2.3. Het CBR betoogt dat de voorzieningenrechter ten onrechte heeft geoordeeld dat het evenredig is dat [wederpartij] een nieuwe oproep voor een onderzoek naar de geschiktheid ontvangt zonder dat hij daarvoor de kosten hoeft te voldoen.
Het CBR acht het niet aannemelijk dat Post NL niet zorgvuldig zou hebben gehandeld en dat daardoor de brief van 28 september 2010 die de oproep voor het onderzoek bevatte, [wederpartij] niet heeft bereikt. Hierbij heeft het gewezen op de vaste werkwijze die Post NL hanteert bij een aangetekend verstuurde zending. Uit de verzendadministratie van het CBR en Post NL volgt dat de oproep van 28 september 2010 een dag later op het juiste adres is aangeboden. Omdat de oproep niet kon worden afgeleverd is op het adres een bericht achtergelaten met de mededeling dat deze kan worden afgehaald op het postkantoor, aldus het CBR.
2.4. Het CBR heeft bij het besluit van 5 november 2010 besloten tot ongeldigverklaring van het rijbewijs van [wederpartij] en dit besluit in bezwaar gehandhaafd. Het CBR heeft in een begeleidende brief bij het besluit van 5 november 2010 uiteengezet op welke wijze [wederpartij] een nieuw rijbewijs kan aanvragen en aan welke verplichtingen hij dan dient te voldoen.

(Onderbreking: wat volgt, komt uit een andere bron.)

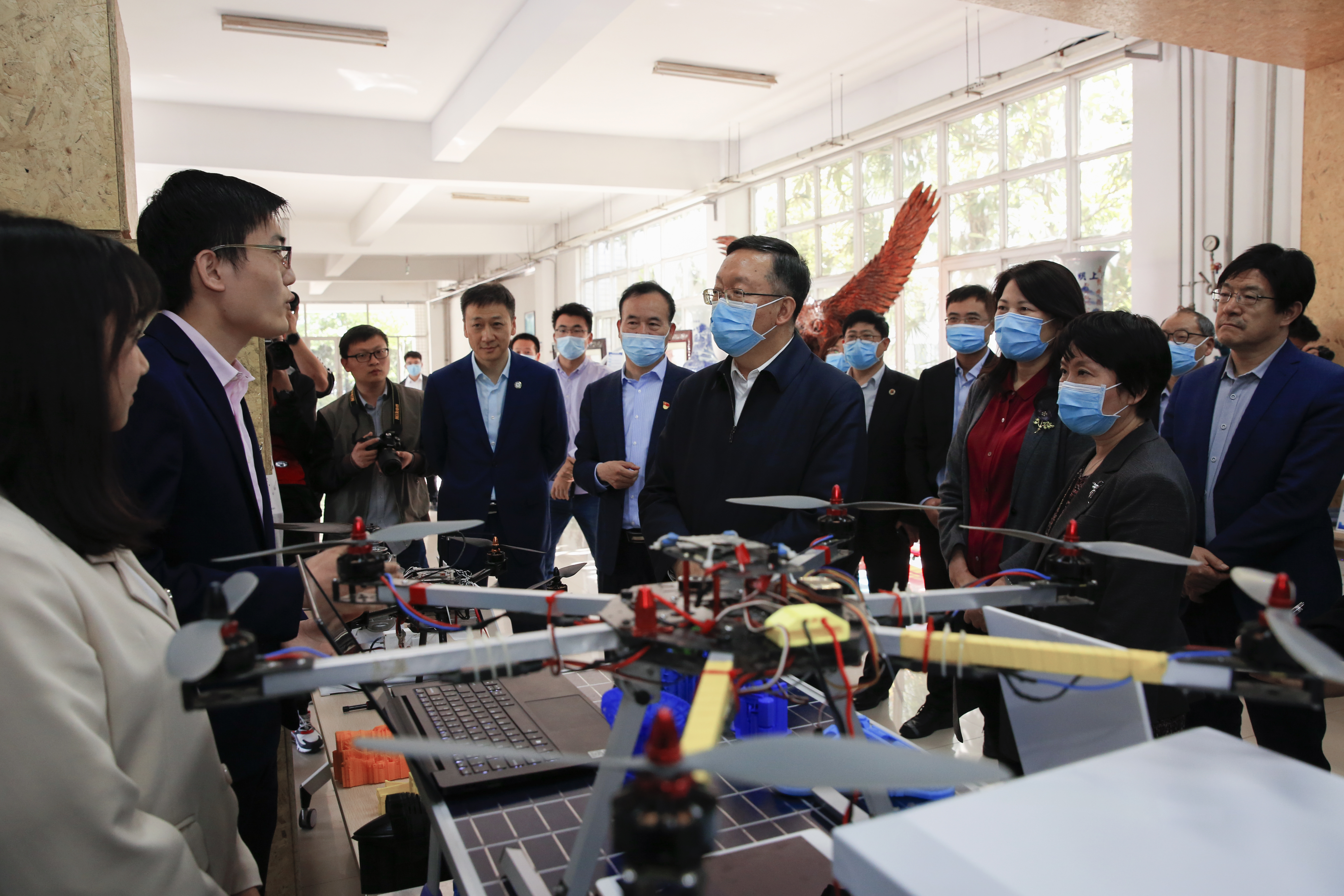 在我校的众创空间,田学军一行调研了创新创业工作的整体情况,重点考察“双创”团队建设和大学生创新创业能力培养,现场查看了光伏无人移动平台、供应链管理3d模型教学教具等师生团队创作的作品。

Anders dan de voorzieningenrechter is de Afdeling van oordeel dat de vraag of het CBR gehouden is [wederpartij] op te roepen voor een nieuw onderzoek naar zijn geschiktheid zonder dat hij daarvoor opnieuw de kosten dient te voldoen, niet in deze procedure voorligt.
De Afdeling oordeelt ambtshalve dat de voorzieningenrechter, voor zover hij heeft bepaald dat het evenredig is dat [wederpartij] een nieuwe oproep ontvangt voor een onderzoek naar de geschiktheid zonder dat hij daarvoor opnieuw de kosten hoeft te betalen, buiten de omvang van het geding is getreden.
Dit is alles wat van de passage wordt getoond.